Source data >>
↓

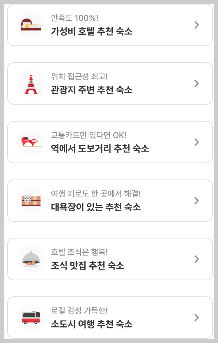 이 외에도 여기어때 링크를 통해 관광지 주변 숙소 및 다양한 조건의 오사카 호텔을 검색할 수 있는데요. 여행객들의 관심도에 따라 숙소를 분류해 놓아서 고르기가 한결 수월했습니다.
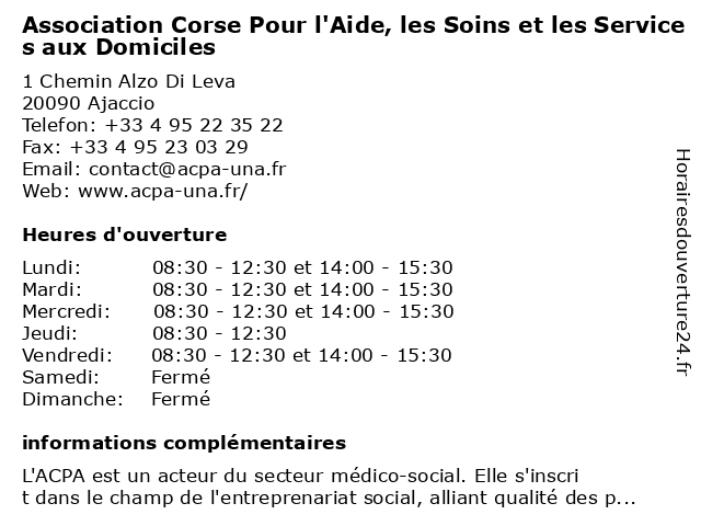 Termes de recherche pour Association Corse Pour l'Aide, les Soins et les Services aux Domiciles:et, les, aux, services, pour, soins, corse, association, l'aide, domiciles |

↑
↓

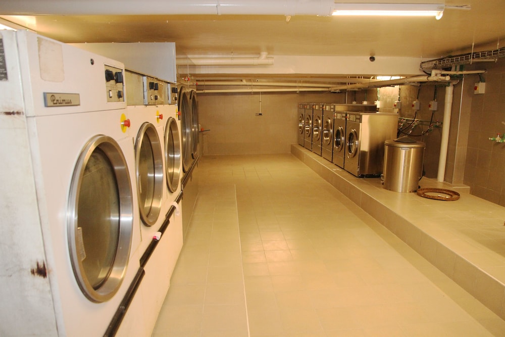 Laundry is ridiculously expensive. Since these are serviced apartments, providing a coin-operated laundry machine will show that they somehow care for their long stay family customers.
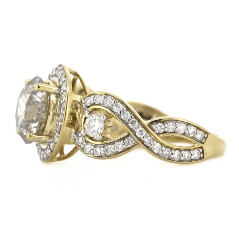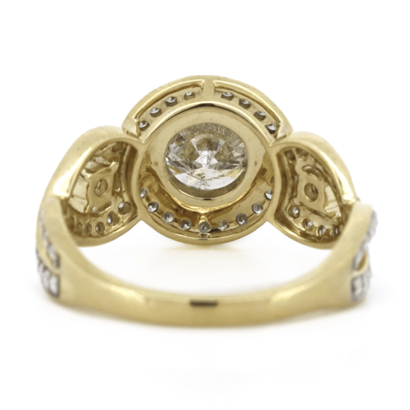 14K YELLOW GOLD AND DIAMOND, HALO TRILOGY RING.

↑

Exercise description >> What is needed is an exact copy of the lines above, from the one holding "이 외에도 여기어때 링크를" down to the one holding "Termes de recherche", with those two included and the pictures left out.

Solution for this exercise >>
 이 외에도 여기어때 링크를 통해 관광지 주변 숙소 및 다양한 조건의 오사카 호텔을 검색할 수 있는데요. 여행객들의 관심도에 따라 숙소를 분류해 놓아서 고르기가 한결 수월했습니다.
 Termes de recherche pour Association Corse Pour l'Aide, les Soins et les Services aux Domiciles:et, les, aux, services, pour, soins, corse, association, l'aide, domiciles |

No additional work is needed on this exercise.